Work to be completed: Once you find the line with "Na parte superior, há" in the data below, transcribe exactly each line from there to the line with "o Absorvente Modess", inclusive, and nothing else. Drop the pictures.

Records supplied:

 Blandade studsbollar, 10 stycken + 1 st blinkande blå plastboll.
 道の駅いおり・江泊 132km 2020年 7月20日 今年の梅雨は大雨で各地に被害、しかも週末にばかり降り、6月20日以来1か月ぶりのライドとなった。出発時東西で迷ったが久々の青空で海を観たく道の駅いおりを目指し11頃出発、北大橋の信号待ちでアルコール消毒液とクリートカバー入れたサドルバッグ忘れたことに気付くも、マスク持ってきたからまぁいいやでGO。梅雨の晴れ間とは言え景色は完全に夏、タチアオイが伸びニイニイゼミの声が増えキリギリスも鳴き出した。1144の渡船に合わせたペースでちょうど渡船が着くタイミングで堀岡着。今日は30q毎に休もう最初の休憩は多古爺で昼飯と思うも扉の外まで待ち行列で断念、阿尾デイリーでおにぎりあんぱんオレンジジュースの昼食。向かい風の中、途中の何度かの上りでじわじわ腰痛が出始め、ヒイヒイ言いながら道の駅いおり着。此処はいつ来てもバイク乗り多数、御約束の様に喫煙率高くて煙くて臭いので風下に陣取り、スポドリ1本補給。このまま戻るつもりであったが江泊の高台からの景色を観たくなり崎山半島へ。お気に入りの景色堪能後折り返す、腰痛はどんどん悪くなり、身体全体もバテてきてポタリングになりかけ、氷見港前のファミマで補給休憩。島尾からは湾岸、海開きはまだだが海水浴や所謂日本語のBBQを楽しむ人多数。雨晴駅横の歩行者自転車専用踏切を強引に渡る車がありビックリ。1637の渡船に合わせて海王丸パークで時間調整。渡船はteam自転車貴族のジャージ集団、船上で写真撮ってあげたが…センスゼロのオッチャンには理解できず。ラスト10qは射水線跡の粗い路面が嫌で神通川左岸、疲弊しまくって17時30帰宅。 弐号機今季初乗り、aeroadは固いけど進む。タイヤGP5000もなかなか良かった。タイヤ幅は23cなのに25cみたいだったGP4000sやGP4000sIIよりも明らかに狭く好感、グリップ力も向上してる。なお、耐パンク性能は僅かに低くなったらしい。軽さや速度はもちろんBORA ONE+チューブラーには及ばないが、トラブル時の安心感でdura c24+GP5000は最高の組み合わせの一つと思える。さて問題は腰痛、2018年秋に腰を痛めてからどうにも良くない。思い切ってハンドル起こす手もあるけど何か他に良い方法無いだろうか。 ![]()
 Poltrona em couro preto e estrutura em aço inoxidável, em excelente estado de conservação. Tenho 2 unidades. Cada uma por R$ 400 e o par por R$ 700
...
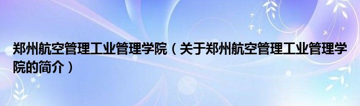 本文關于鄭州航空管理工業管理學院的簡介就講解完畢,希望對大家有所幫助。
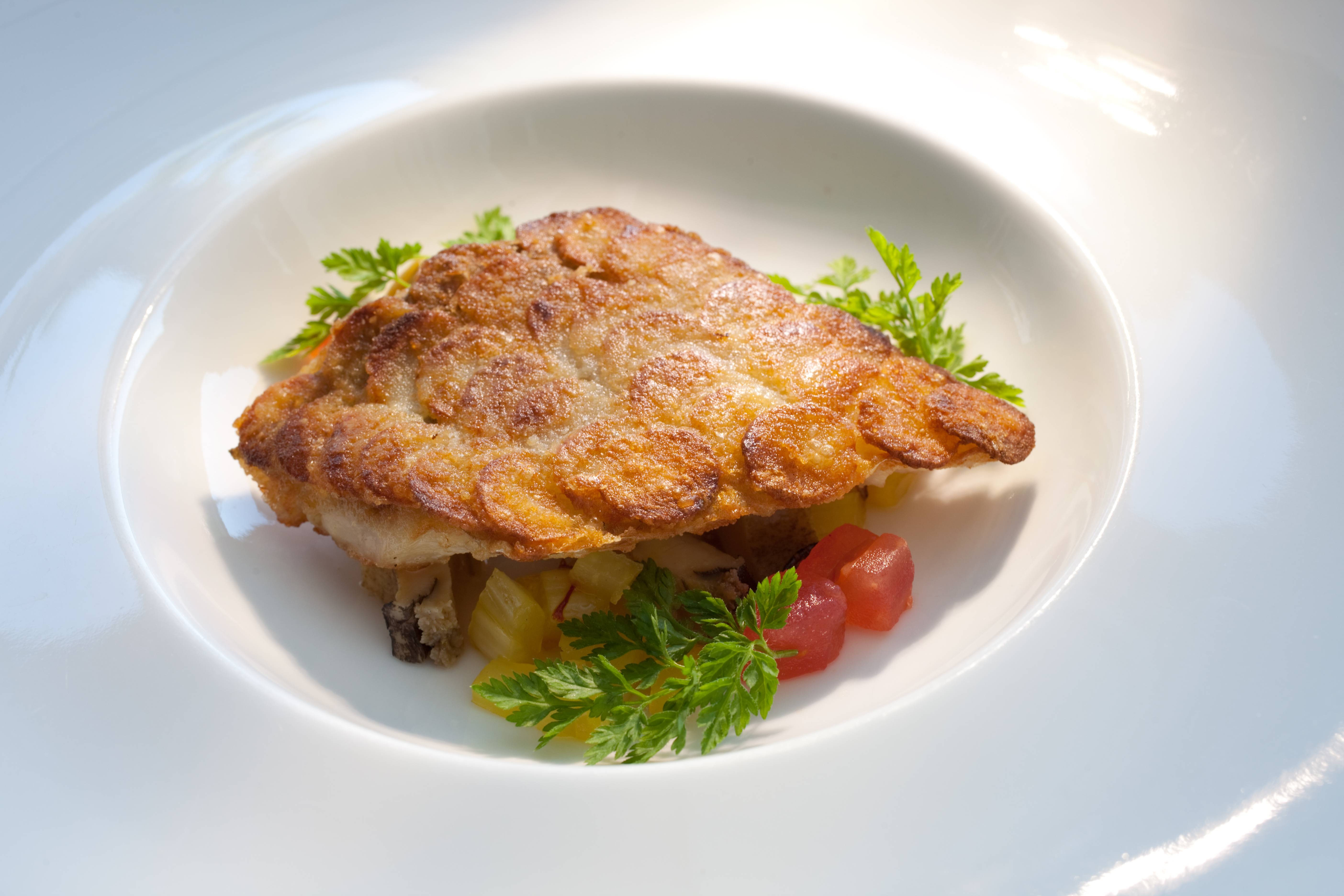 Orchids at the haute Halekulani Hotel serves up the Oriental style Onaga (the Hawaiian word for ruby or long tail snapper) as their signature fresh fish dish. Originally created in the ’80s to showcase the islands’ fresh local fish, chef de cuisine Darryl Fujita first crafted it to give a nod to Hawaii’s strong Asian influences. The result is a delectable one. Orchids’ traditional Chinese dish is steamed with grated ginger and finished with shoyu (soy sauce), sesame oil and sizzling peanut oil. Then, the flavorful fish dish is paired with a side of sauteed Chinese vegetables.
---
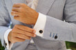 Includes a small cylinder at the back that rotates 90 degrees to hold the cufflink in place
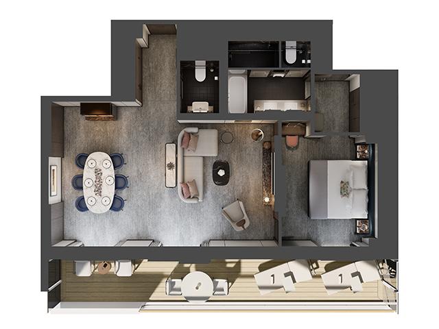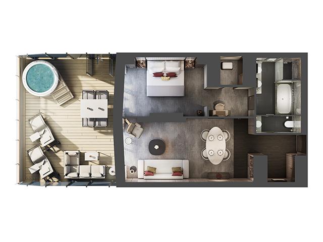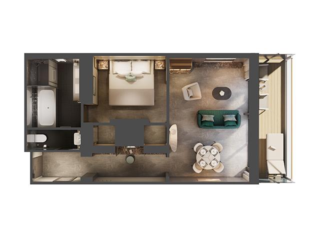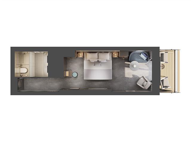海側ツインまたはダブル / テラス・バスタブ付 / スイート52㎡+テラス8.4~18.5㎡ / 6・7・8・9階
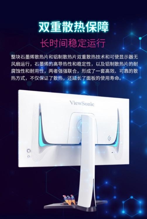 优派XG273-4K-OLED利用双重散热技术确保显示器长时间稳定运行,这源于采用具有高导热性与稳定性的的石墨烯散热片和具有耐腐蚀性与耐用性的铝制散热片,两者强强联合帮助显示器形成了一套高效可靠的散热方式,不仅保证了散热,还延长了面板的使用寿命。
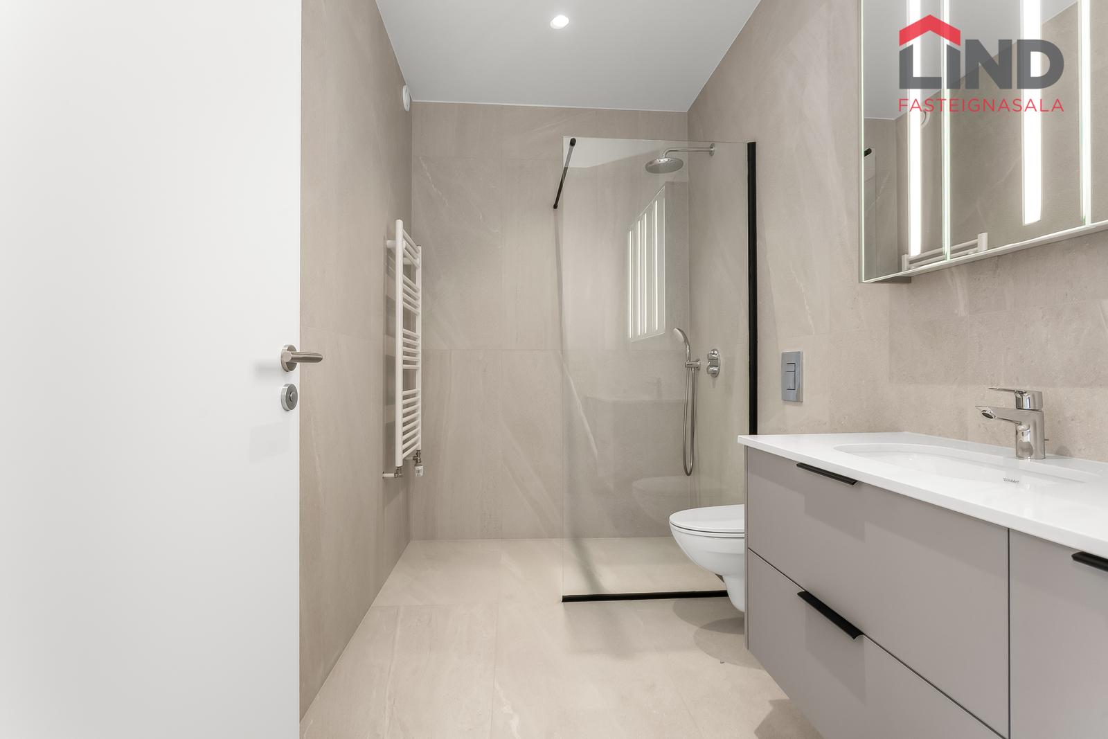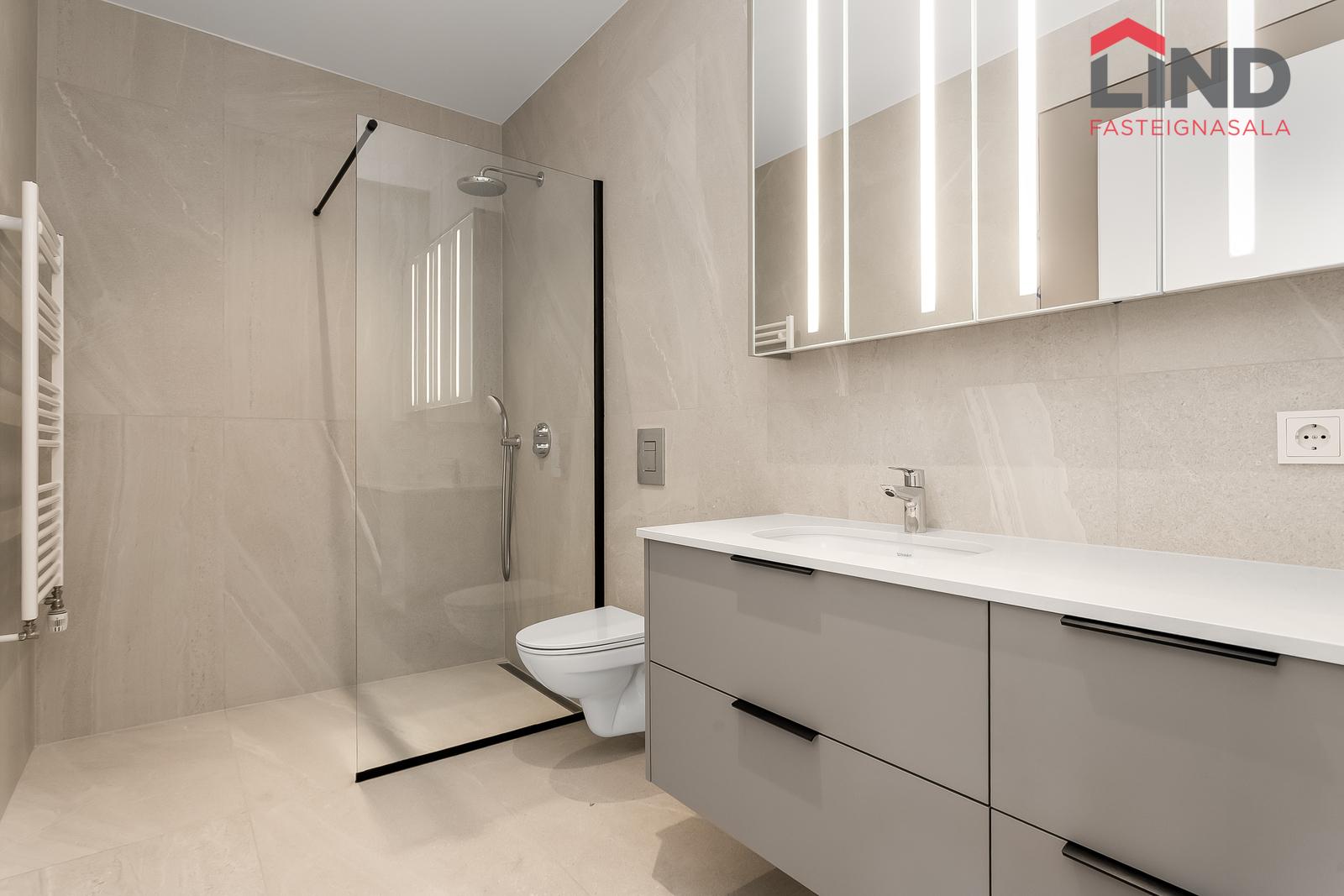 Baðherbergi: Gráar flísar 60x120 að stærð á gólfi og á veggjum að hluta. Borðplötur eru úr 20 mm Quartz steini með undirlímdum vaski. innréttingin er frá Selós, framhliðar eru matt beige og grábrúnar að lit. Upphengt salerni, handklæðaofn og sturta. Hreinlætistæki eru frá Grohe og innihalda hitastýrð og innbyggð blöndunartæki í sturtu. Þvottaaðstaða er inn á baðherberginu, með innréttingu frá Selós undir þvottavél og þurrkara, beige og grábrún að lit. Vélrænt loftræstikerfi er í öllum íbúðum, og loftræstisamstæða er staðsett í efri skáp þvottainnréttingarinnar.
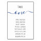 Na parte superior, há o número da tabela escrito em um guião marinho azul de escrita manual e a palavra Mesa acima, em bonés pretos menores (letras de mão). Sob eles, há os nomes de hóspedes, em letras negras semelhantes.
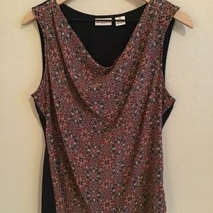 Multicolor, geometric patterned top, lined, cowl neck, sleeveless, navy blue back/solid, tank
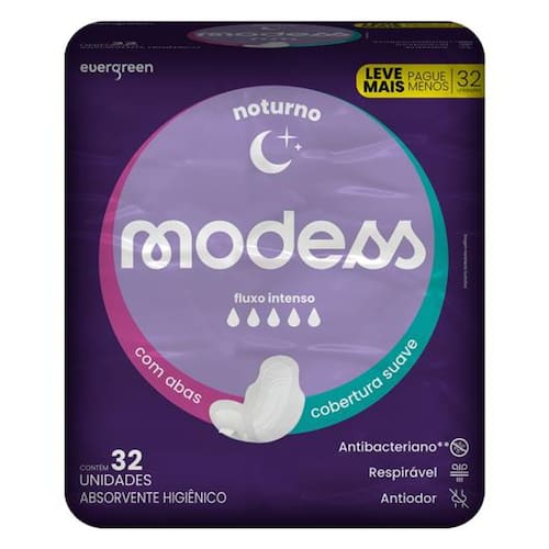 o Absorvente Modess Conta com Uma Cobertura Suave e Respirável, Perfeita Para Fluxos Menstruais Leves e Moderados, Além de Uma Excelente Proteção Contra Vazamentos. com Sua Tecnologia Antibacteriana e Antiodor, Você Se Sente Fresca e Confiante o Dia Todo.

Task output:
 Na parte superior, há o número da tabela escrito em um guião marinho azul de escrita manual e a palavra Mesa acima, em bonés pretos menores (letras de mão). Sob eles, há os nomes de hóspedes, em letras negras semelhantes.
 Multicolor, geometric patterned top, lined, cowl neck, sleeveless, navy blue back/solid, tank
 o Absorvente Modess Conta com Uma Cobertura Suave e Respirável, Perfeita Para Fluxos Menstruais Leves e Moderados, Além de Uma Excelente Proteção Contra Vazamentos. com Sua Tecnologia Antibacteriana e Antiodor, Você Se Sente Fresca e Confiante o Dia Todo.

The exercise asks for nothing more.